For organisations, this approach strengthens trust. When employees believe that their wellbeing matters, they engage more deeply with their work. They stop spending energy on concealment and instead direct it toward contribution. What begins as empathy ends up improving performance, retention, and loyalty. When compassion becomes part of how we work, teams become more collaborative, managers become more considerate, and workplaces evolve into spaces where people feel seen and supported.


At Mahina, this understanding goes beyond product creation. It shapes how we think about design, comfort, and culture. Whether it’s designing period underwear that makes comfort feel effortless through every cycle or shaping policies that respect real-life rhythms, the intention remains the same: to make period care feel natural, not exceptional. A workplace rooted in menstrual awareness enables that shift. It normalises conversations so that menstruation is no longer something to conceal but something to navigate with understanding.


The Future Works Differently

When paired with consistent menstrual awareness, menstrual leave helps build a culture where people no longer have to hide pain to prove capability. It shifts the focus from endurance to empathy, from simply managing to truly supporting. Menstrual leave is not about taking time off. It is about creating space for people to work with comfort, clarity, and confidence.

FAQ

WHAT IS A MENSTRUAL LEAVE POLICY?

A menstrual leave policy allows employees to take time off during their period when symptoms such as cramps, fatigue, or pain make working difficult. It recognises that menstruation affects physical and mental comfort and provides the space to rest without stigma or judgement.
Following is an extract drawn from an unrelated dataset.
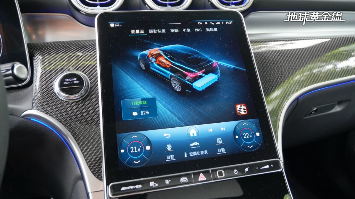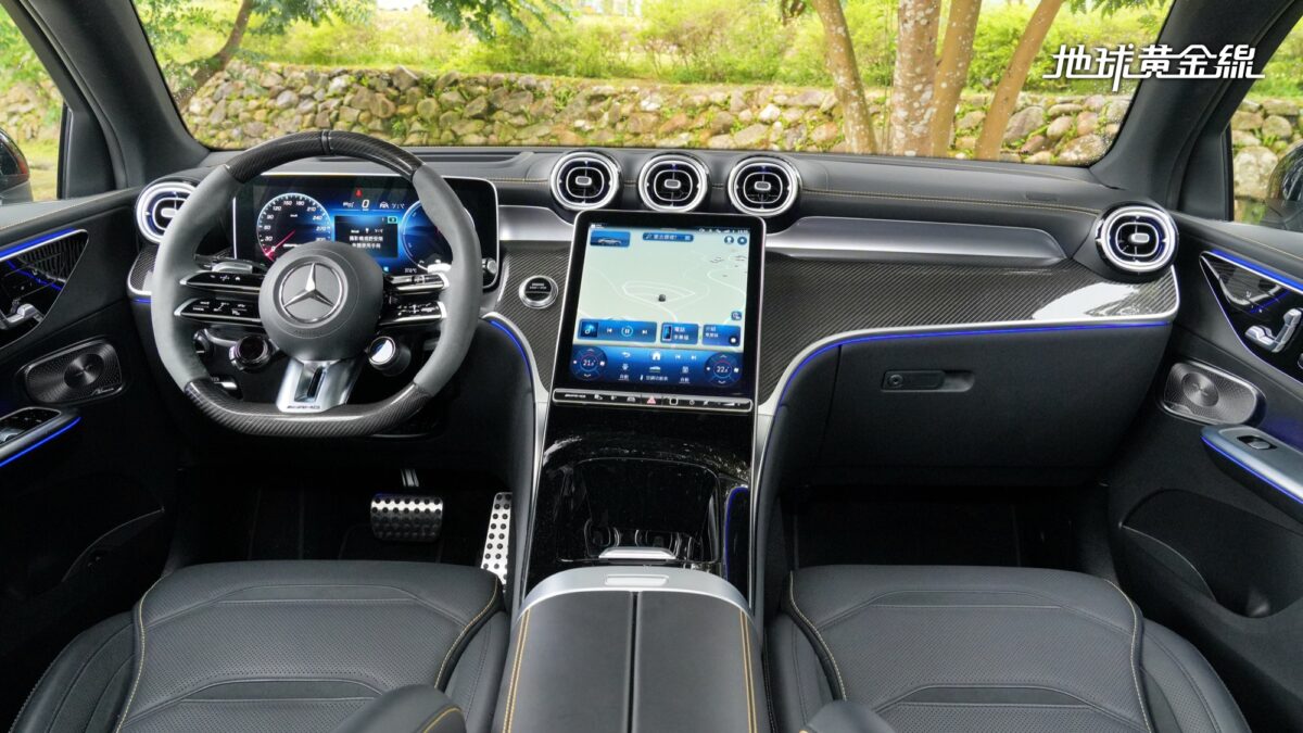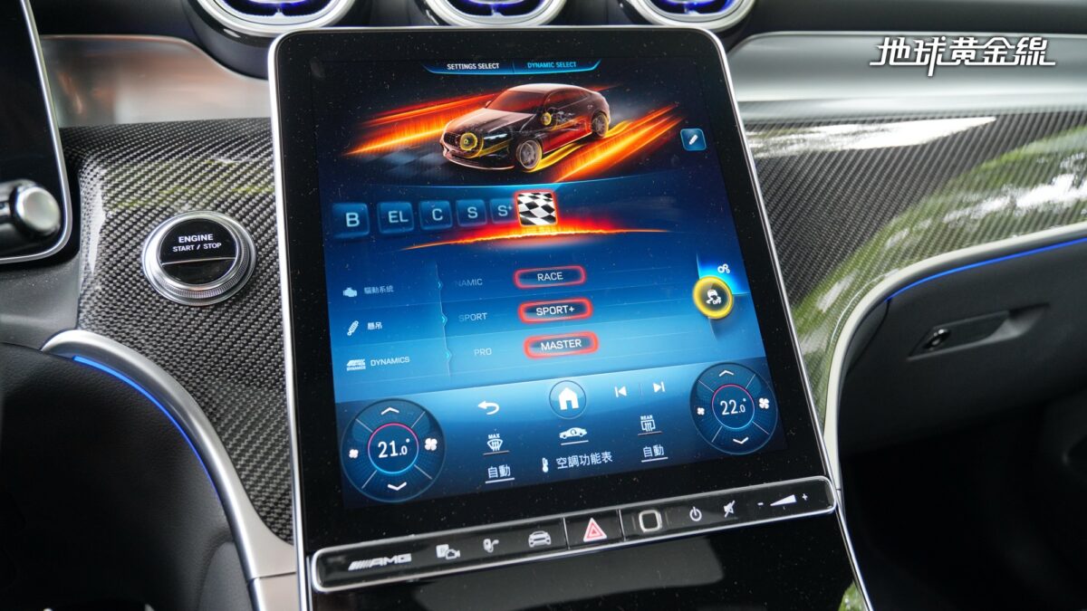 坐進車內可以發現,車上標配的Nappa真皮與Microcut材質交織,方向盤為平底造型,並配有專屬操控旋鈕,握感厚實適中,讓筆者對這組方向盤愛不釋手。中控台搭載11.9吋高解析度觸控螢幕,結合AMG專屬MBUX介面,讓駕駛者能直覺調整各種性能參數。結合選配的抬頭顯示器,駕駛者能即時掌握車輛狀態。

WHY IS MENSTRUAL LEAVE IMPORTANT IN WORKPLACES?

Menstrual leave reflects a shift from endurance to empathy. It acknowledges that everyone’s body functions differently and that rest improves focus, morale, and long-term productivity. By normalising menstruation, workplaces create environments that are healthier and more inclusive.

HOW CAN COMPANIES BEGIN IMPLEMENTING MENSTRUAL LEAVE OR AWARENESS POLICIES?

It starts with open conversation and empathy. Companies can introduce flexible rest options, normalise discussions about menstruation, and ensure clean restrooms and access to period products. The goal is to make menstruation a natural part of wellbeing, not an exception.